Проблема добра и зла всегда была камнем преткновения этики, С одной стороны, мораль невозможна вне противоположности добра и зла, в рамках которой зло выступает в качестве соразмерной добру силы. Невинность не есть добродетель. Она становится добродетелью, только пройдя через опыт преодоления порока. С другой стороны, мораль отождествляется с добром, мыслится в перспективе, в которой снимается противоположность добра и зла.
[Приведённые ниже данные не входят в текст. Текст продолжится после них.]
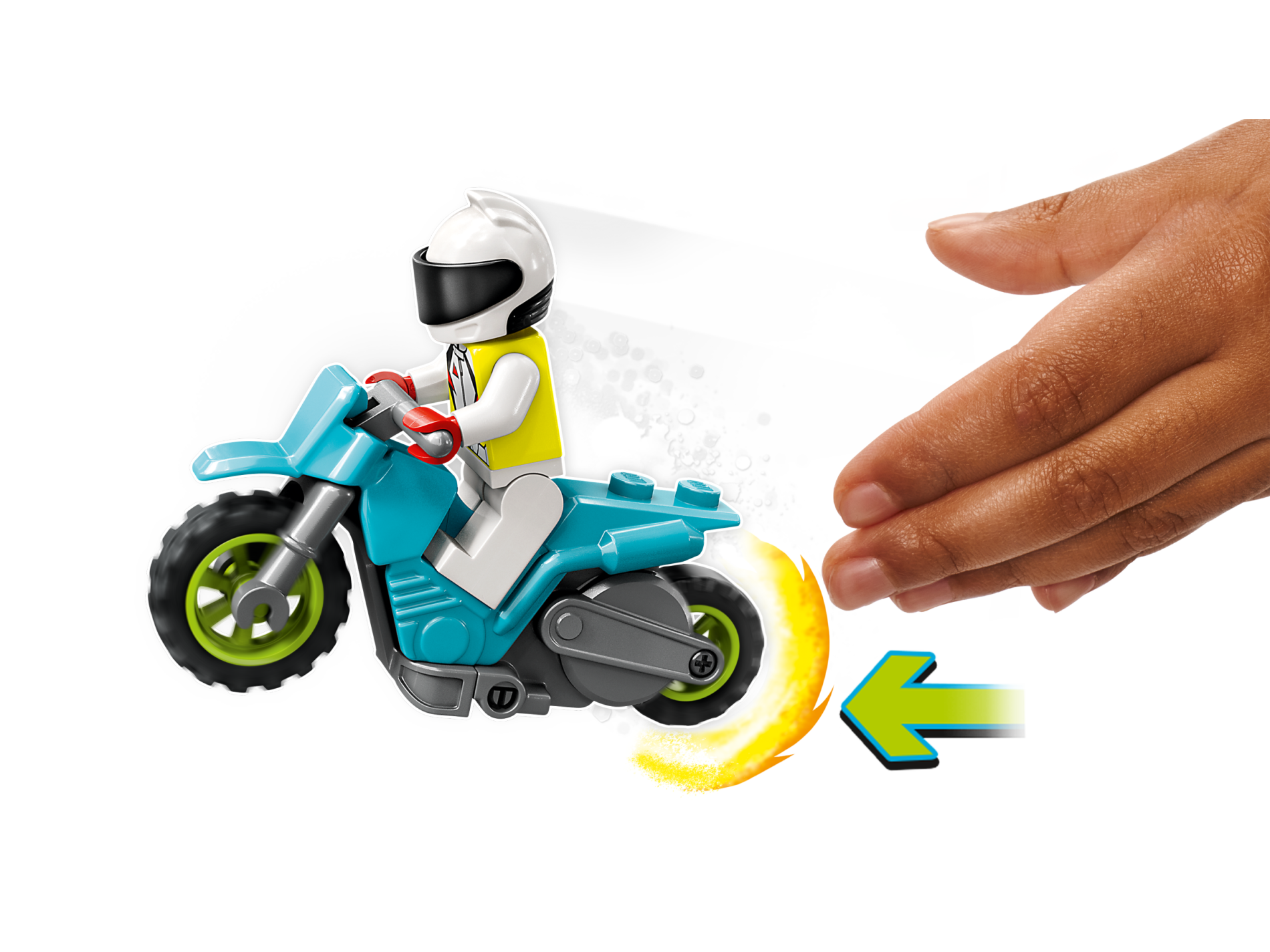 | 1 X Stuntz Flywheel Motorcycle Dirt Bike with Dark Bluish Gray Frame, Lime Wheels, and Dark Bluish Gray Handlebars | Medium Azure |   |  |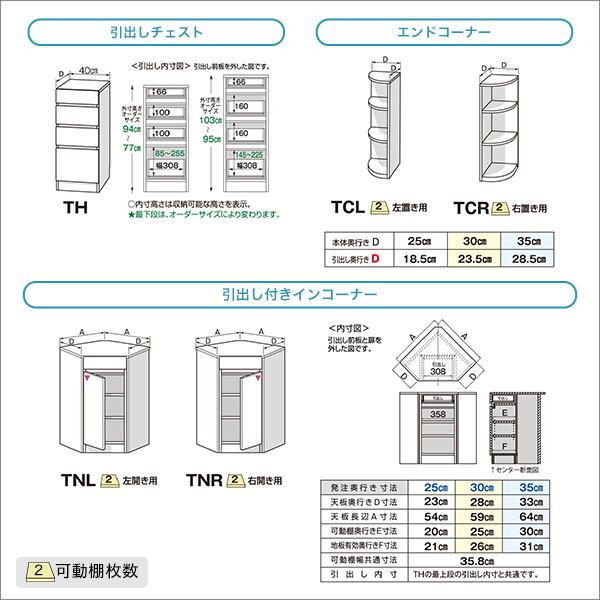 【扉シリーズ】セミオーダーカウンター下収納ぴったりくん 引出しチェスト 奥行30cm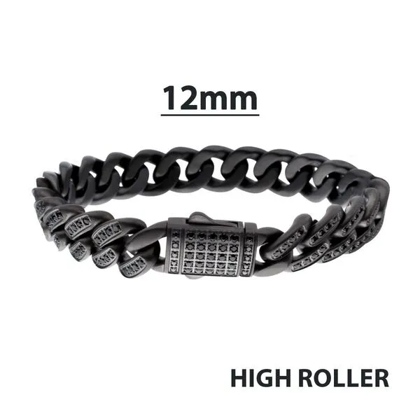 MAMBA -HIGH ROLLER: 12mm Gun Metal IP Steel Miami Cuban with Black Spinel Chain Bracelet Image 4 Timmreck & McNicol Jewelers McMinnville, OR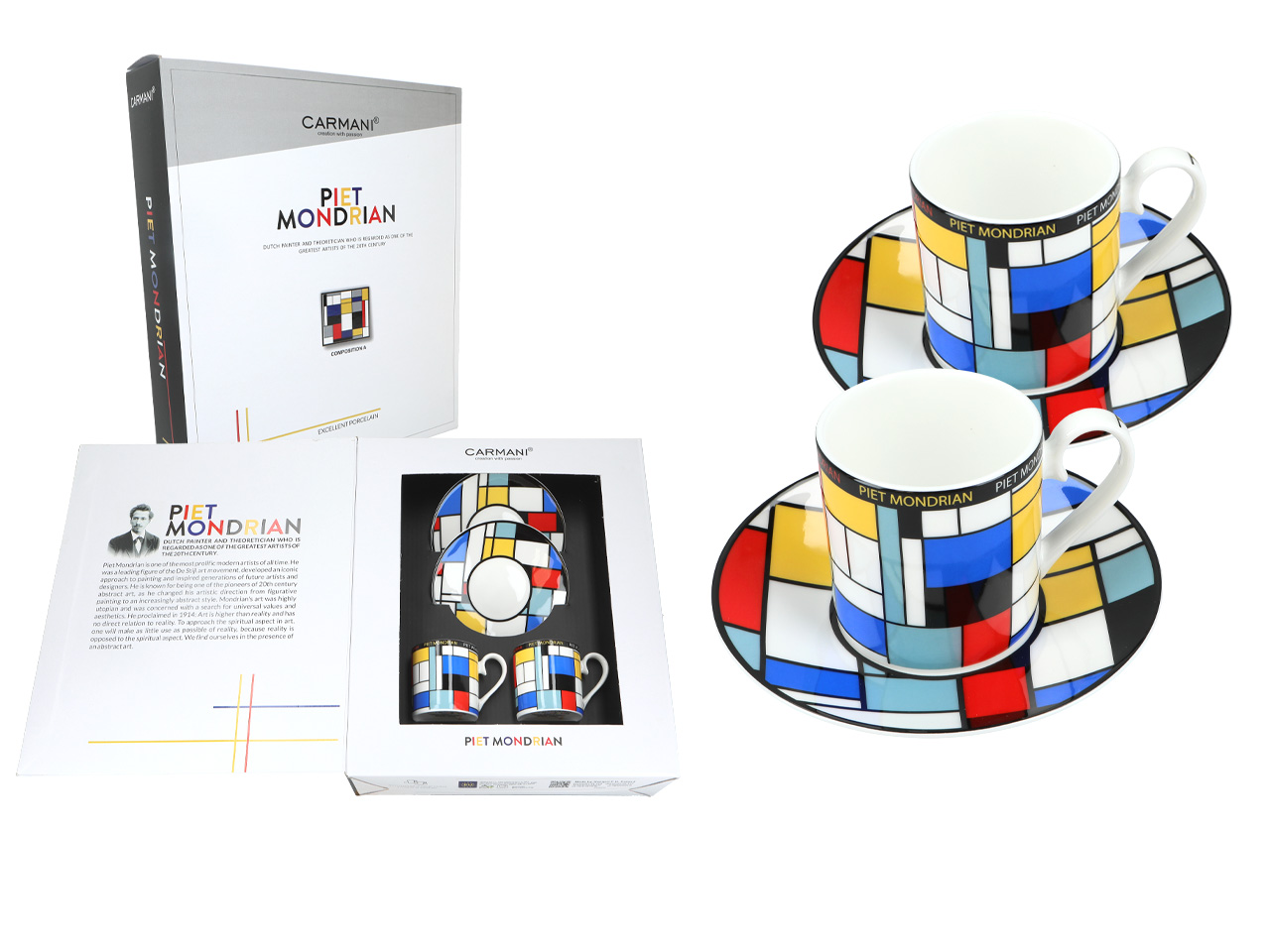 Kpl. 2 filiżanek espresso – P. Mondrian, Composition A (CARMANI)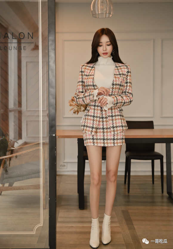 孙允珠ol职业裙装 孙允珠亚麻格纹西装+细高跟 长腿翘臀让人发硬(3)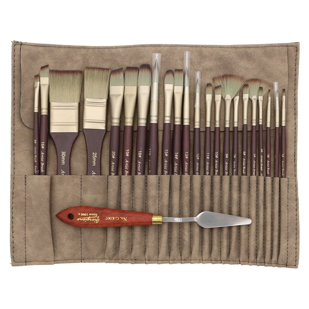 Sada 22 ks štětců pro výtvarníky /umělce v praktickém svinovacím balení + špachtle.štětce No: 1 - 20, 25 mm, 30 mm (ploché 18 ks | kulaté 4 ks)špachtla z ušlechtilé ocelimateriál: plastová /dřevěná násada, nylonový vlas, obal z umělé kůže prečítať celé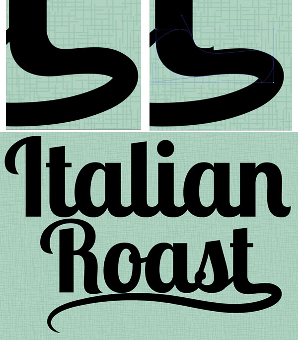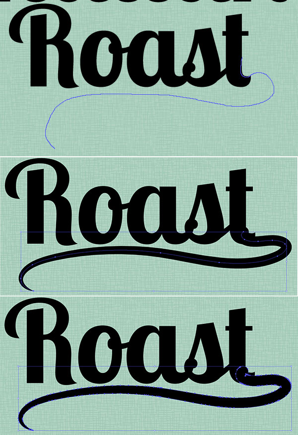 Если хотите, можете добавить нижнему слову хвостик. Используя инструмент Pencil/Карандаш (N) нарисуйте кривую от последней буквы, как показано ниже. Укажите кривой толстую Обводку/Stroke. Инструментом Width/Ширина (Shift – W) сузьте кончик кривой. Вновь Expand/Разберите вашу кривую, выбрав этот пункт в меню Object/Объект и Group/Сгруппируйте ваше последнее слово и кривую.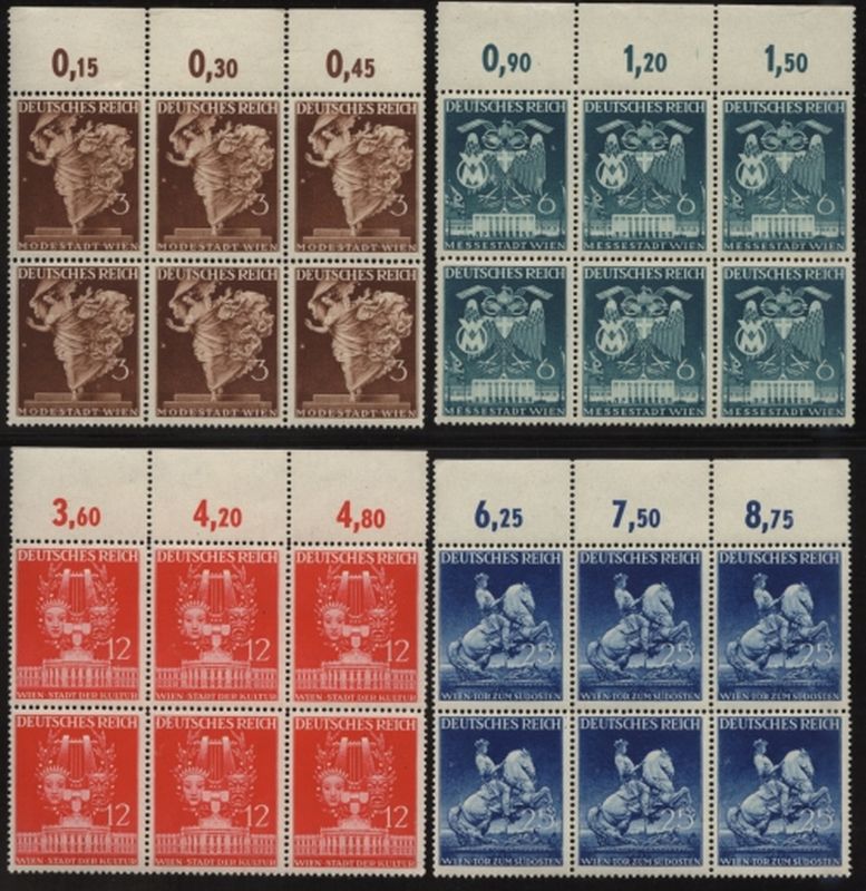 1941 Mi.Nr. 768/71 , im 6er Block mit Oberrand, Wiener Frühjahrsmesse, kompletter Satz, zum Teil Haftstellen von Farbe im Gummi. Mit Plattenfehler 769 f4 und 771 f15. Mi. zusammen ca.(250.--)Euro.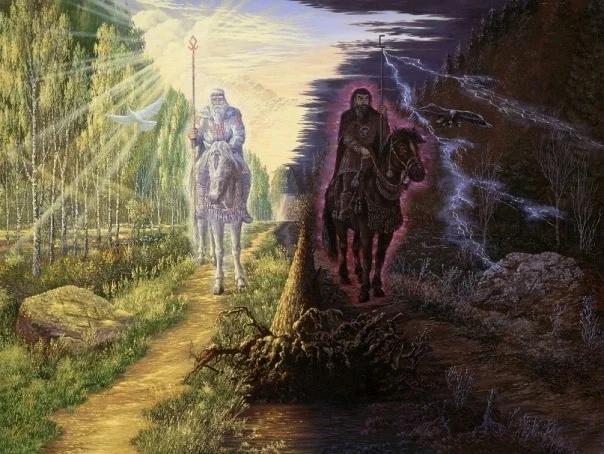 Eastern culture emphasized the importance of each pole of the world-process, objectifying them in the images of the great gods — Vishnu and Shiva. The world is destroyed only when it has exhausted its possibilities for development and is created only when destruction has been completed in full, leaving none of the former system’s elements intact. The same idea is conveyed by the Slavic notion of the god’s struggle with the serpent and by various other mythological pictures. But even such a broad and vivid imagery does not always aid a deep understanding of the idea.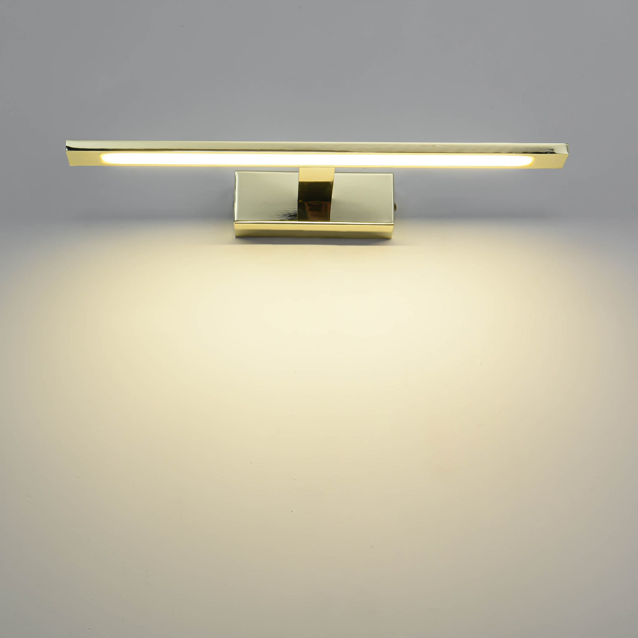 Lampa łazienkowa nad lustro ISLA, kinkiet złoty średni. Złota lampa łazienkowa, długi prostokąt, w którym wbudowane jest światło LED, w tym przypadku o neutralnym, jasnym, dziennym świetle.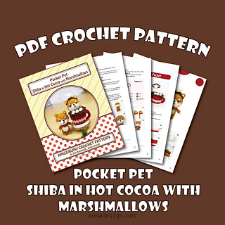 The Pocket Pets series features palm-sized pets nestled in cozy, playful pockets for fun crocheting. This pattern features a charming Shiba Inu relaxing in a mug of hot cocoa filled with marshmallows. A detachable ‘marshmallow-on-top’ hat with an oversized marshmallow adds a whimsical, kawaii touch. As delightful to craft as it is to admire, it’s perfect for crafters who adore playful, one-of-a-kind designs. Combining the cuteness and charm of a Shiba Inu, this pattern creates a delightful project and makes a truly unique gift.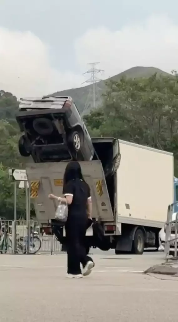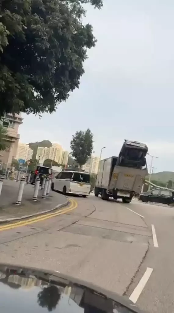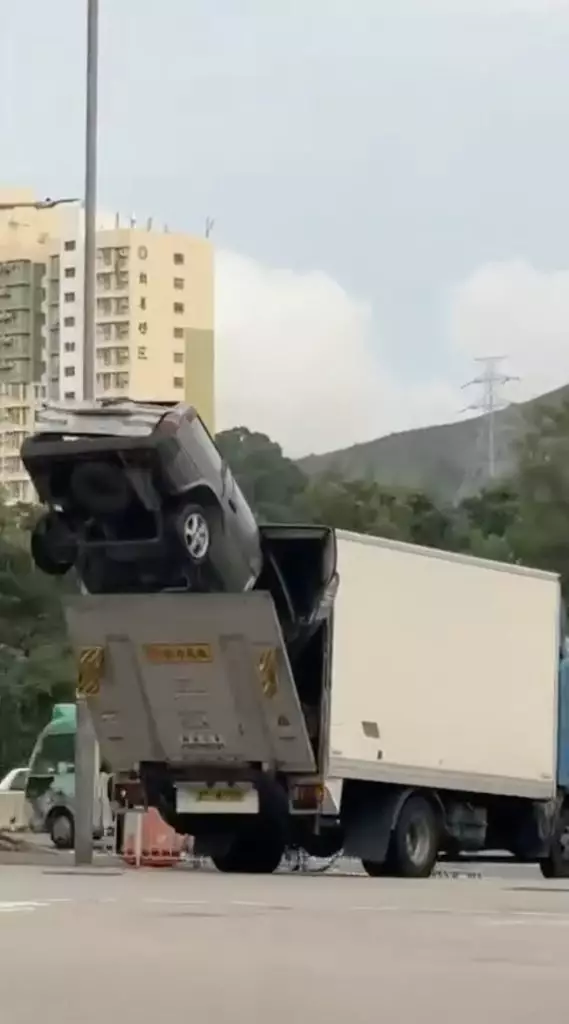 據網友分析,事發於元朗小商路,片中的涉事貨車尾板半開,裝載一輛私家車。而私家車「倒豎蔥」式被尾板夾住,後半車身露出貨車外,在路上驚險行走。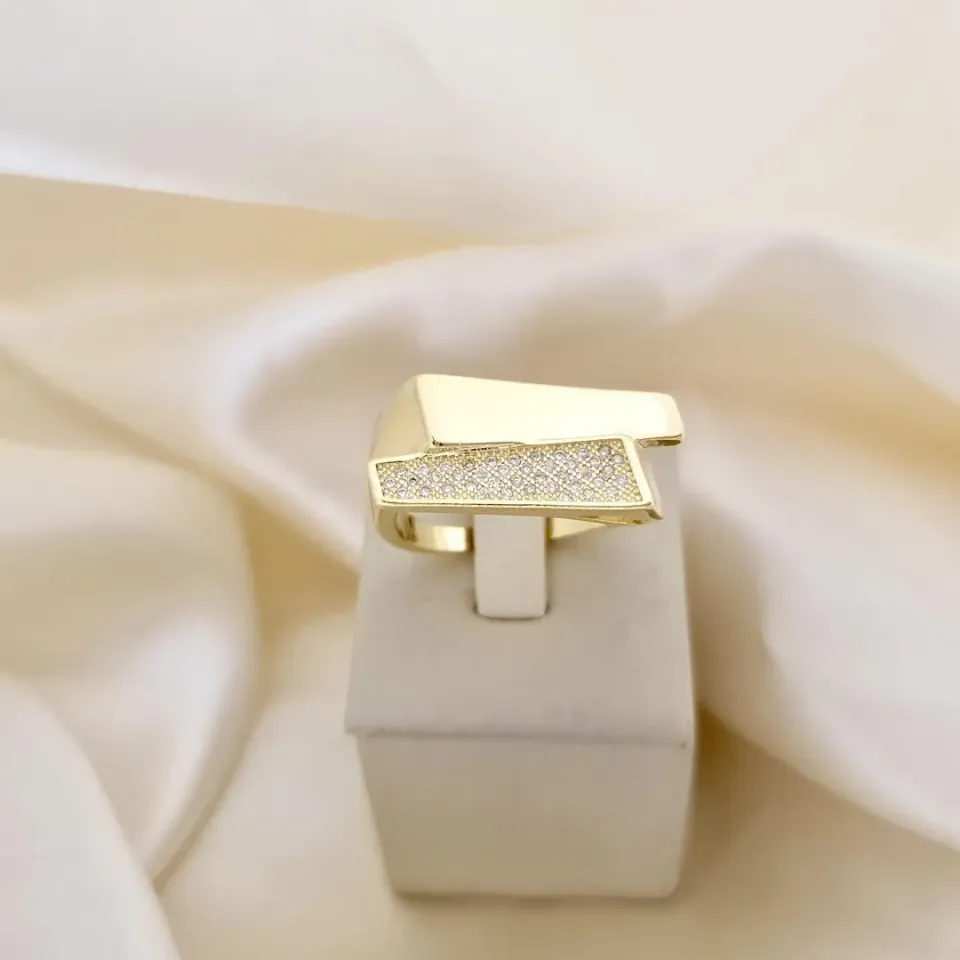 Anel aro reto e cravejado com zirconia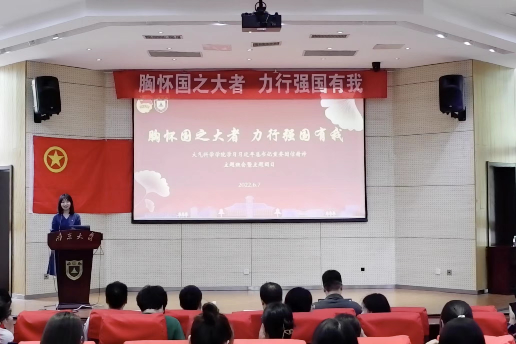 6月7日下午,大气科学学院举办"胸怀国之大者力行强国有我"学习习近平总书记重要回信精神主题班会暨主题团日。大气科学学院党委书记潘益农,党委委员王欢,留学归国青年学者代表、教授张彦旭,2020级本科生班主任、副教授董新奕和各年级学生代表参加活动。活动由大气科学学院辅导员毕菲菲主持。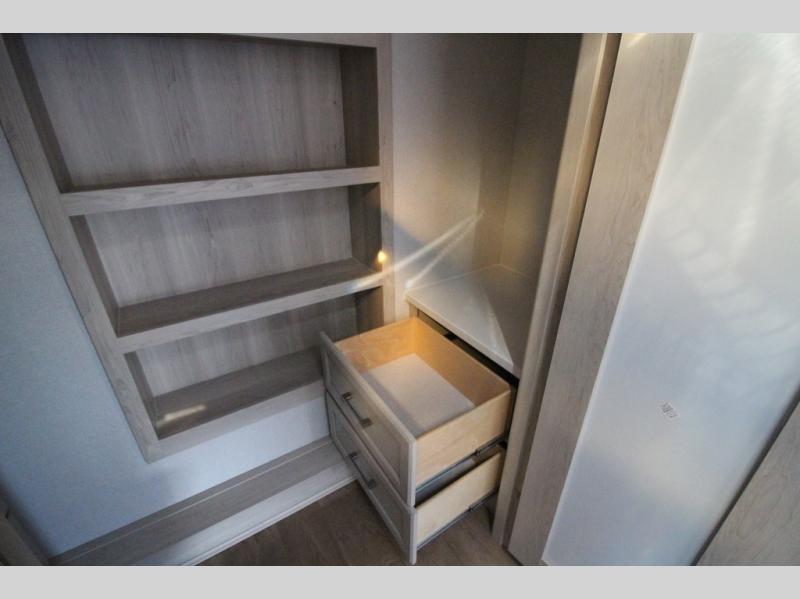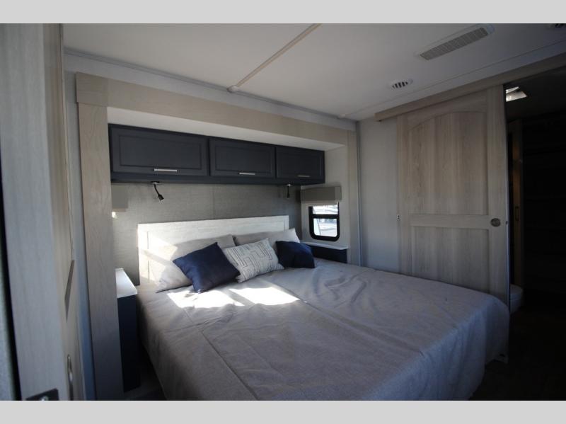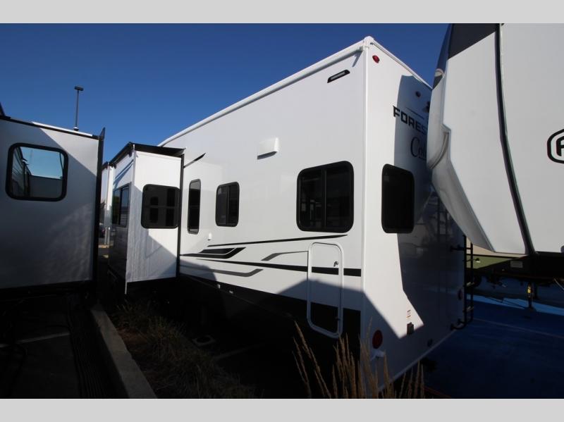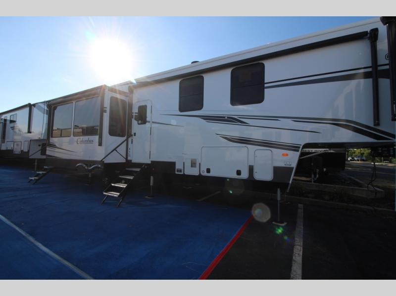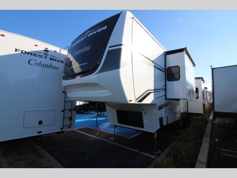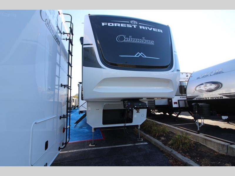 Experience a different camping life with residential furnishings and high-end features in each one of these Forest River Columbus fifth wheels! Durable construction begins with a 101" wide body, an all-welded aluminum frame superstructure, and high-gloss fiberglass vacuum bonded walls and slide out ends with dual Azdel. You will appreciate the Lippert axles, MORryde CRE 3000 suspension system, and 16" wheels with nitrogen-filled tires for a smooth tow from home to campground. Additional exterior features include a tire pressure monitoring system, a heated utility convenience center, an outside sprayer, and slam latch on all the storage doors. Inside, you'll be met with many luxurious amenities, including residential style crown molding throughout, roller day/night shades, upgraded true solid surface countertops in the bath and kitchen, plus solid wood steps.

Совершенство тоже не есть добродетель, так как оно не знает искушений пороков. Труднейшая проблема состоит как раз в том, чтобы показать, как от морали в первом (человеческом) смысле слова перейти к морали во втором (сверхчеловеческом) смысле слова. Так, например, человеческая история согласно христианской версии начинается с того, что человек вкусил плодов с дерева познания добра и зла и борьба этих начал стала ее основной сюжетной линией. Различие по критерию добра и зла считается основным человеческим различием. В то же время мы узнаем из Евангелия от Матфея, что Бог повелевает солнцу восходить как над добрыми, так и над злыми. С точки зрения божественного совершенства — конечной цели человеческих устремлений — различия добра и зла теряют свой существенный смысл. В этике Канта мораль совпадает с доброй волей и противостоит эмпирическим мотивам себялюбия. Они образуют две параллельные плоскости, которые обречены на взаимоотрицающее сосуществование. Но в то же время они могут сойтись, добродетель может совпасть с началом себялюбия, стать беспорочной, а тем самым перестать быть добродетелью, если предположить бессмертие души и существование Бога. И в религиозной этике христианства, и в философской этике Канта мы видим следующее: а) наряду с собственно моральной реальностью человека предполагается существование внеморальной реальности сверхчеловека, б) переход из первой во вторую невозможно осуществить силами самого человека и в этом смысле он не является сугубо моральным действием. Принципиальная новизна этики Ницше состоит в том, что в ней прорыв по ту сторону добра и зла обосновывается как моральное, человеческое деяние.
«Человек есть мост, а не цель» (2, 142).
В этом смысле пессимистичная этика Ницше оказывается более оптимистичной, чем все оптимистические этические теории до него.